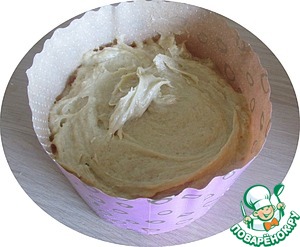 Я использовала бумажную форму для выпечки куличей, диаметром 11 см и высотой 9 см. Если использовать металлическую форму, то её необходимо смазать сливочным маслом и обсыпать мукой, стряхнув излишки муки. -
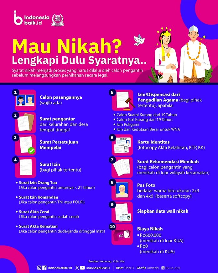 JAKARTA – Proses pernikahan mengharuskan calon pasangan untuk menjalani serangkaian persyaratan sebelum meresmikan hubungan secara sah menurut hukum.
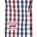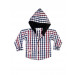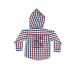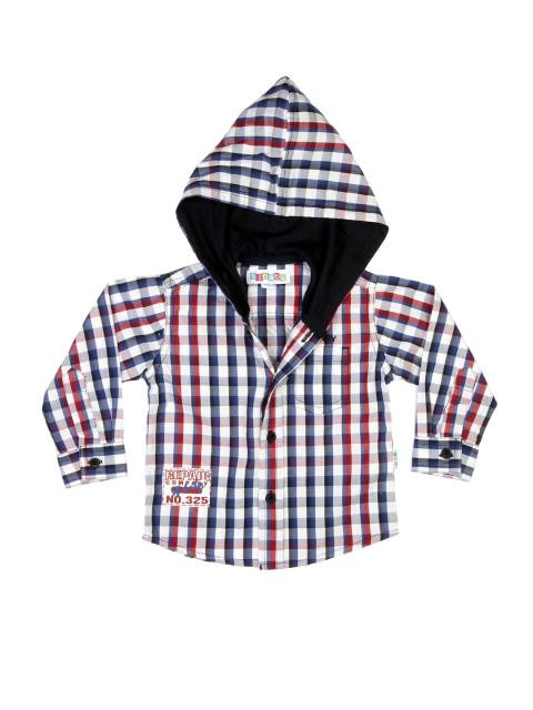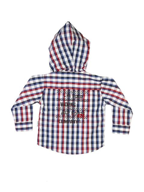 White full-sleeve shirt made of 100% cotton, has blue and red checks, a hood, foldover sleeves with a mid-sleeve button, tipped collar, stitch detailing above the two pockets on either chest, print on the back with embroidery, and a full length button placket
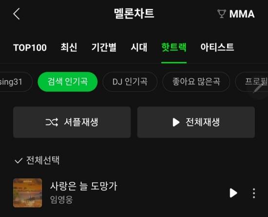 임영웅 '사랑은 늘 도망가', 멜론 검색인기곡 1위 등극
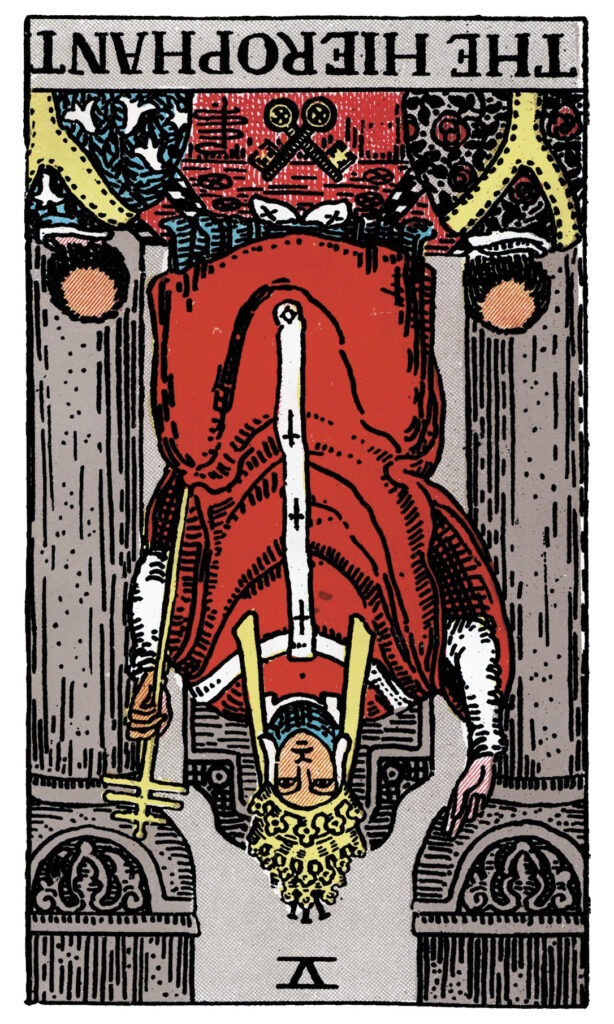4枚目(中央・下)のカードは「法王」(逆位置)。
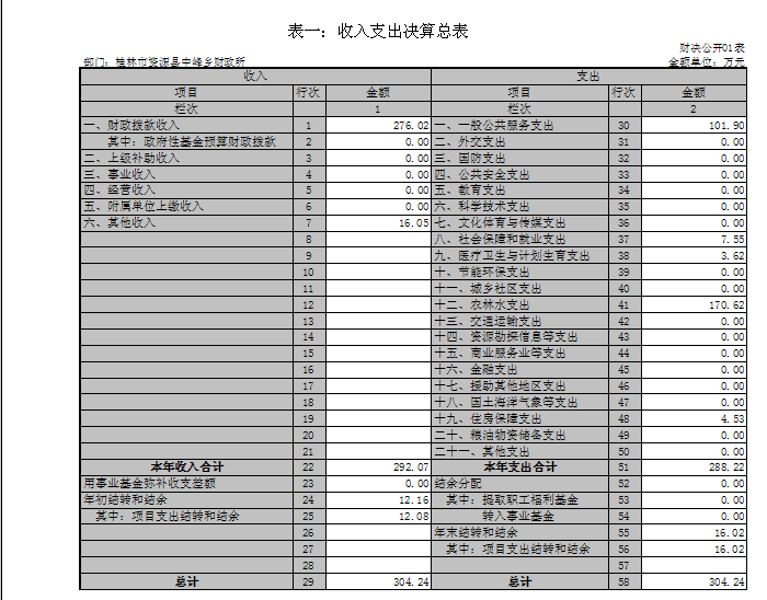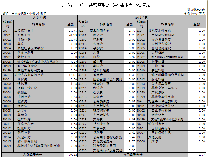 第二部分: 资源县财政局中峰财政所2016年部门决算报表
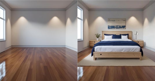 床の色をAIが読み取り、広範囲での画像削除が可能です。入居中のお部屋でも居住者様に気を遣わせることなく、家具や家電を削除できます。

+++++

Leave every picture out, and repeat exactly the lines from the one containing "第二部分: 资源县财政局中峰财政所2016年部门决算报表" through the last line of the entries, both ends included.

TASK ANSWER →
 第二部分: 资源县财政局中峰财政所2016年部门决算报表
 床の色をAIが読み取り、広範囲での画像削除が可能です。入居中のお部屋でも居住者様に気を遣わせることなく、家具や家電を削除できます。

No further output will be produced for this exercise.